いくつか、ゲームをしたけれど、最終エンディングにたどり着いたものは一つもない。

もちろん、数千円をかけて円盤(ディスク)を買うのだから、簡単なエンディングまではたどり着いた。

でも、ゲーム会社の人が用意した『極上』のエンディングを見たことはない。

最近、そんな昔のゲームのエンディングを動画サイトで見つけて…それを見たときに、なんだか泣けた。

長く、心に引っ掛かっていた小さなトゲがとれたような、そんなスッキリとした気持ちになった。

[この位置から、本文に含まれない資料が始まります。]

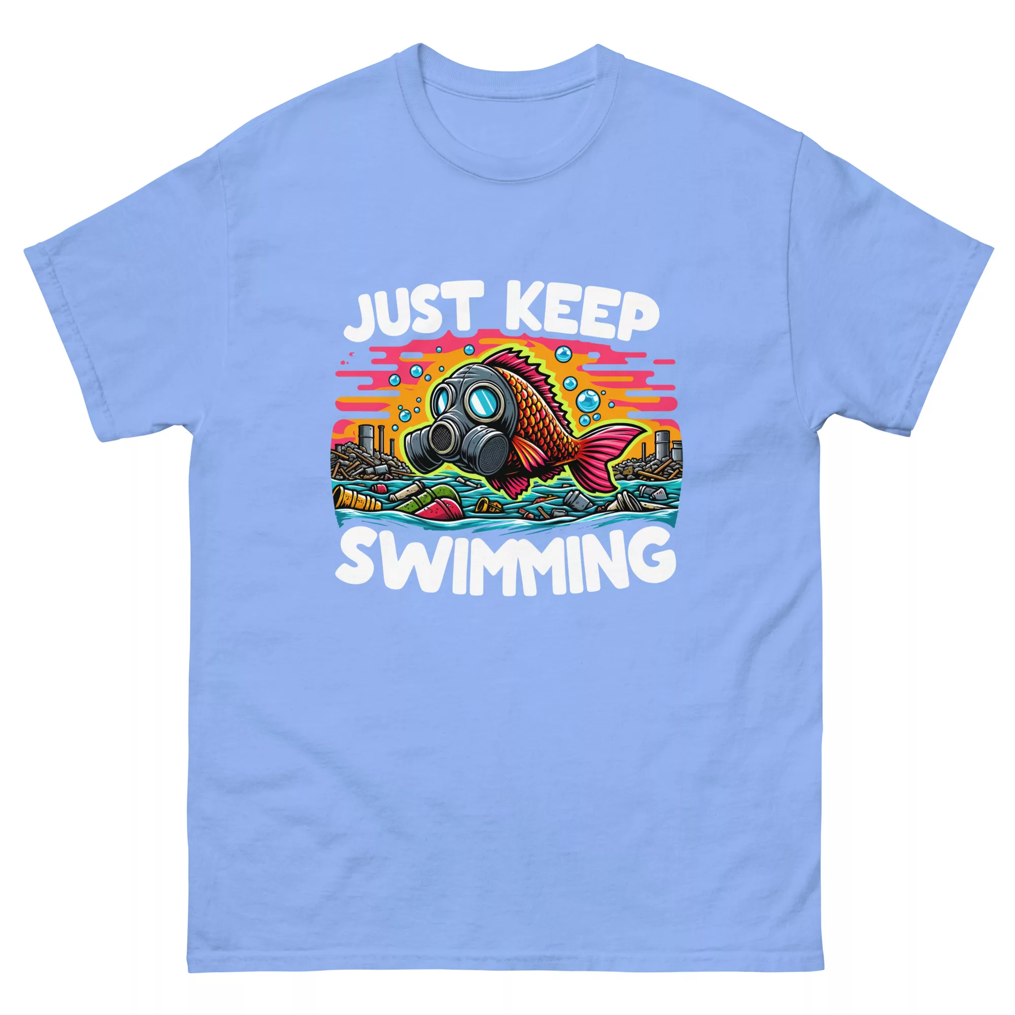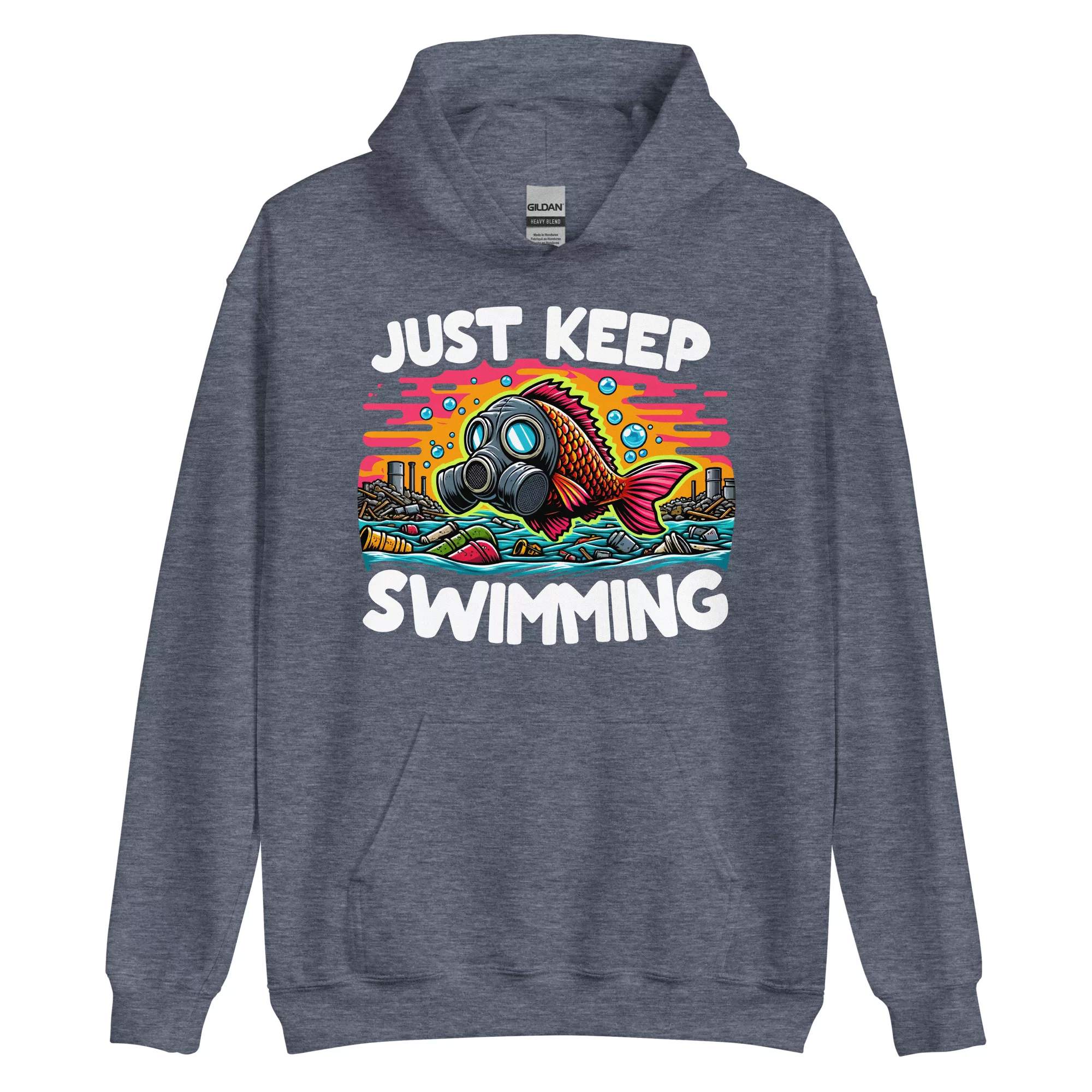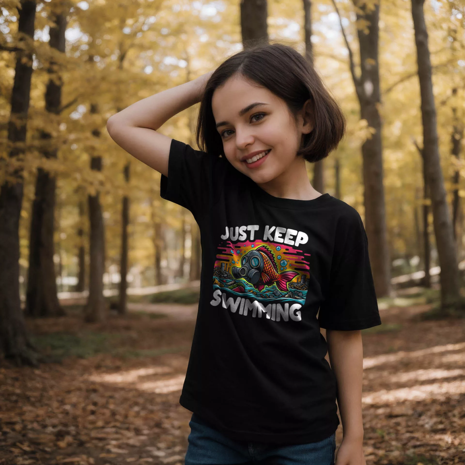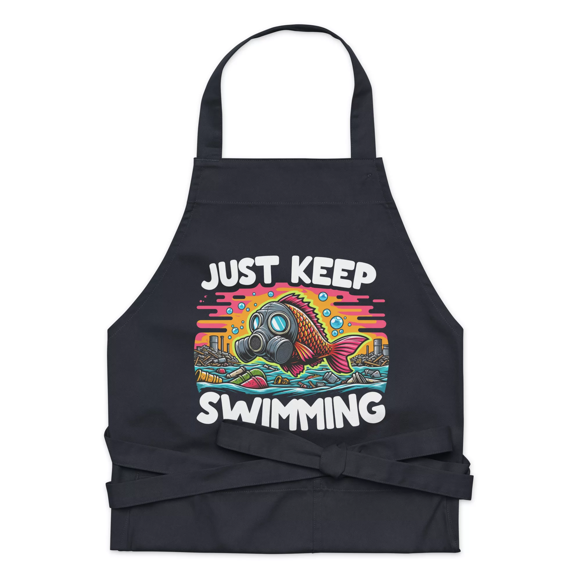 Das Unisex Bio T-Shirt „Just Keep Swimming“ ist nicht nur ein modisches Statement, sondern auch ein Aufruf zum Handeln gegen die Umweltverschmutzung. Auf diesem Shirt prangt das Bild eines Fisches mit einer Gasmaske, der sich durch stark verschmutztes Wasser bewegt, umgeben von Abfall und Industrierückständen. Dieses Design soll nicht nur provozieren, sondern auch zum Nachdenken anregen über die Auswirkungen unserer Handlungen auf die Meeresumwelt und deren Bewohner.

ゲーム…そう、RPG系のゲームは、簡単に手にするには私は、年を取りすぎたのだ。


それなのに…今、こうして、知り合いのオッサンのTS転生乙女ゲームに挑戦せねばならない事に躊躇(ちゅうちょ)する。


「寒いですか?」

心配そうにメフィストが聞いてきた。

「いや、大丈夫。ただ、ゲームって苦手だったと思い出して。少し、不安になってきたのよ。」

私は、小さくそう答えた。

今抱える未完が胸をよぎる。もう、未完を作りたくはない。


でも、ゲームのベストエンディングに行き着く自信もない。


「ふふ。ゲームといっても、普通にお話を作るだけですよ?選択肢を導いてあげれば、後は、剛さんが自分で物語を作り出してくれますから。」

メフィストは、とてもやさしくて、その顔に、自分が凄く不安げな顔をしているのだろうかと心配になる。。

「選択肢…」

昔、ノートにみっちりとそれを書いてゲーム攻略をした人の話を思い出した。

「はい。大まかな設定は、お嬢様がしてしまいましたが、それでも、多岐に渡って剛さんの将来は決められます。」

「将来を…決める?悪役令嬢…じゃ、ないの?」

昔の、育成ゲームのCMが脳裏をかすめた。ヒロインは囁く

『さあ、あなたはどの未来を選択しますか?』

「悪役令嬢は、職業でも進路でもありません。

王道のスパダリ結婚エンドから、女海賊まで、まだまだ、剛さんの選べる人生は沢山ありますよ。」

「エンディング…沢山…」

ハッ(゜ロ゜)


ここに来て、自分が作者だと思い出した。


私、それを…作るのよね?

プレイヤーでも、ベストエンディングにたどり着けなかったのに、脚本を作るなんて、できるわけ、ないじゃん!